In this case, we received multiple emails from people claiming to be from various chinese domain registries, indicating that a company there has tried to register domains that resemble our own.

Sounds innocent enough to begin with, however these are nothing but a scam to try and get you to pay exhorbant fees on domain names and 'internet names' that you don't need or want.
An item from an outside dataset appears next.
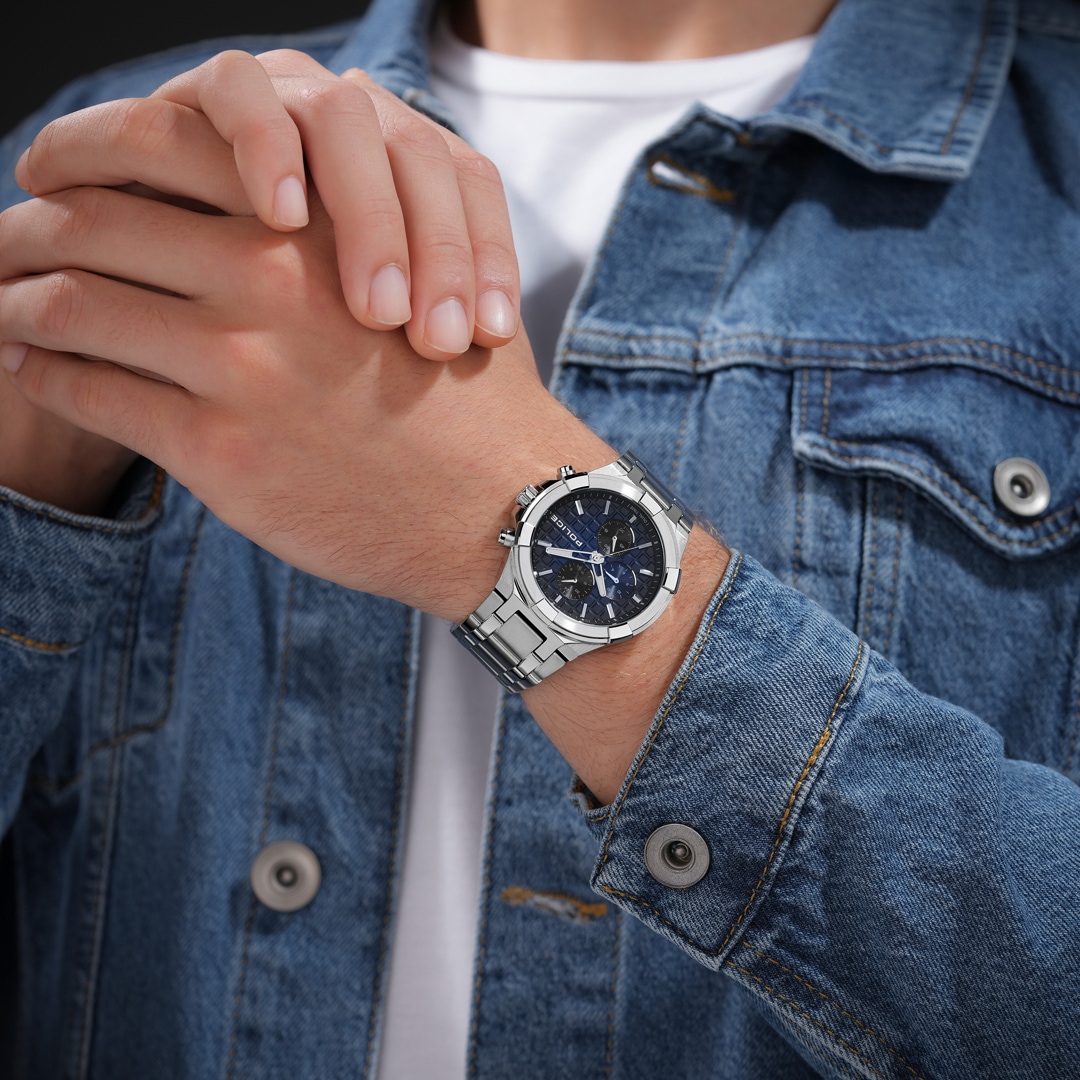 Guardian walks the line between street strength and refined control. With a commanding 42x53mm case and a uniquely constructed topring, this multifunction machine brings the attitude in full. The gradient dial shifts from deep black to navy and carries checkered detailing that adds grit to the surface. White-infused indexes and bold sub-dials lock in day, date, and 24-hour time with sharp precision. The textured build feels engineered, not just designed.

Below is the contents of one such email:

(It's very urgent, please transfer this email to your CEO. Thanks) 
This email is from China domain name registration center, which mainly deal with the domain name registration in China. On Oct 10, 2018 , we received an application from Kailan Ltd requested "senseict" as their internet keyword and China (CN) domain names (senseict.cn, senseict.com.cn, senseict.net.cn, senseict.org.cn). But after checking it, we find this name conflict with your company name or trademark. In order to deal with this matter better, it's necessary to send email to you and confirm whether this company is your distributor or business partner in China?

Best Regards
**************************************
Steve Liu | Service & Operations Manager
CN Registry (Head Office) | 6012, Xingdi Building, No. 1698 Yishan Road, Shanghai 201103, China
Tel: +86-02164193517 | Fax: +86-02164198327 | Mob: +86-13816428671
Email: steve @ cnregistry.org.cn
Web: www.cnregistry.org.cn
**************************************

This email contains privileged and confidential information intended for the addressee only. If you are not the intended recipient, please destroy this email and inform the sender immediately. We appreciate you respecting the confidentiality of this information by not disclosing or using the information in this email.

It seems legit at first glance, however all you need to do is do a quick google search for "It's very urgent, please transfer this email to your CEO. Thanks" to see something very different.

In effect, what they're trying to do is act on your complacency or urgency to protect your apparent trademark, however in doing so, they charge you thousands of dollars.

If you want  to get yourself a .cn or .asia domain, We strongly recommend purchasing them via your preferred provider, these emails are nothing but a falacy to get you to spend money with them.

What do you do if you get one've these emails?

We advise you ignore it, and add the sending addresses to your spam filters; If you really do want to get these domains then purchase them with your trusted domain provider.